Excellent. Can we talk a little bit about or maybe provide an update as to what you're seeing with your non-federal government business as well as your expectations for performance this year?
Sure. As I said, we serve a diversified client portfolio. About half of our revenues are working with commercial clients, mainly energy utilities, state and local clients, and international government clients. That business has been growing really well. That is largely what I'm responsible for. In aggregate, we expect that those businesses are going to be up about 15%.
Excellent. The.
In terms of some of the.
I'm sorry, go ahead.
No, I was just going to say some of the things that are sort of driving that trajectory are at the core of our utility business is energy efficiency programs. The nature of those energy efficiency programs, if any of you have been following us for a long time, the nature of those programs has been evolving over time. The needs have been evolving, the needs on the part of the utilities. We've long been a leader on the residential energy efficiency side, but increasingly, we've had expansion of those kinds of programs into more, we've been calling non-traditional programs like electrification, flexible load management, marketing, and customer insights, and then more into the commercial industrial space. That has been helping to expand that portfolio of work.
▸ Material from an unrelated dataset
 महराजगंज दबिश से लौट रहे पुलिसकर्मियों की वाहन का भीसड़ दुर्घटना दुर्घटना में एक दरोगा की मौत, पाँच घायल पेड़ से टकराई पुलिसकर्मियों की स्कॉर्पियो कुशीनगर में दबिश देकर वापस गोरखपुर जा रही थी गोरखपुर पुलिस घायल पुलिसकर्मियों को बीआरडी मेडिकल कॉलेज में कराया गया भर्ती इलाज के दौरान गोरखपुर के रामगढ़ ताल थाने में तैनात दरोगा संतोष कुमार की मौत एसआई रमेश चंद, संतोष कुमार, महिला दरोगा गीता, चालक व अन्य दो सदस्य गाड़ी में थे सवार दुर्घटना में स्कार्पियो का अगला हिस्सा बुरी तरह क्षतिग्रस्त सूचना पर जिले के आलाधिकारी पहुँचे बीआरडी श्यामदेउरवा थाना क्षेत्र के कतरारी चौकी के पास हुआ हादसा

Okay. Excellent. Maybe we could spend some time if you could discuss what you're seeing from clients regarding renewable energy and climate-related services, particularly as we're looking at the potential of shifting from federal to state and local level needs.
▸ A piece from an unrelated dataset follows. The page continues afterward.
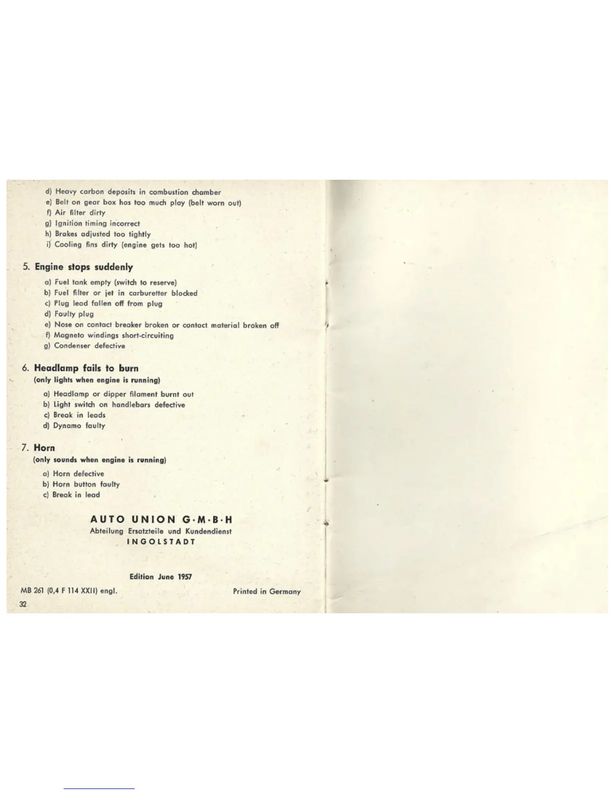 DKW Hobby - Engine Stops Suddenly; Headlamp Failure; Horn Malfunction

Yeah. So it's obviously a very exciting time in the energy space. Energy, I think, is getting a lot of attention right now. I think it's, to some extent, in the renewable arena, but in general, the focus on what will energy demand growth look like over the next 10 to 20 to 30 years. It's a hot topic. I think that there are a lot of projections out there. No matter who you ask, I think there is certainty that you're going to see faster growth in energy demand in the United States than we've been seeing over the last several decades, considerably higher, and both its demand sort of in general, but also demand during peak hours. That, obviously, has driven a lot of conversation.
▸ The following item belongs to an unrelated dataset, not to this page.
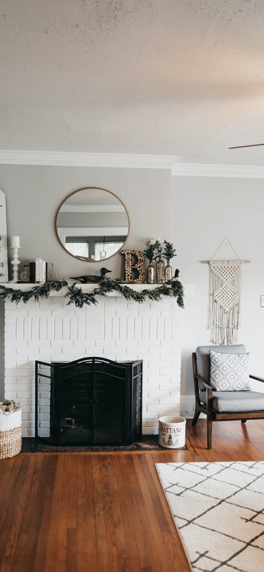 Wallpaper: interior, fireplace, light - 1080x2340

The need for renewable energy and the response in the industry, I think, has been somewhat impacted by uncertainty related to IRA and tax incentives. That said, the need for energy right now is so pressing, and it's a near-term need, which a lot of the renewables that were already in the queue that are already sort of, and I mean the literal and the figurative queue, those renewable energy resources are closer to implementation. Many of those are moving forward. I think where we're continuing to see interest is in renewable energy projects that have where they're cost-effective with or without the incentives. I think that in some cases, some that are on the bubble, that's where you're seeing the stall, where people are really waiting to see how long, how deeply will the tax incentives change. We're following that very closely.
Our business, actually, we do a lot of advisory work supporting developers and supporting investors who are thinking about those kinds of projects. I think the nature of the projects has expanded to include some more fossil-oriented projects. The pace, I think, has just been impacted by the uncertainty. As I said, we still see a lot of them moving forward, partly because they're more realistic near-term opportunity for energy expansion.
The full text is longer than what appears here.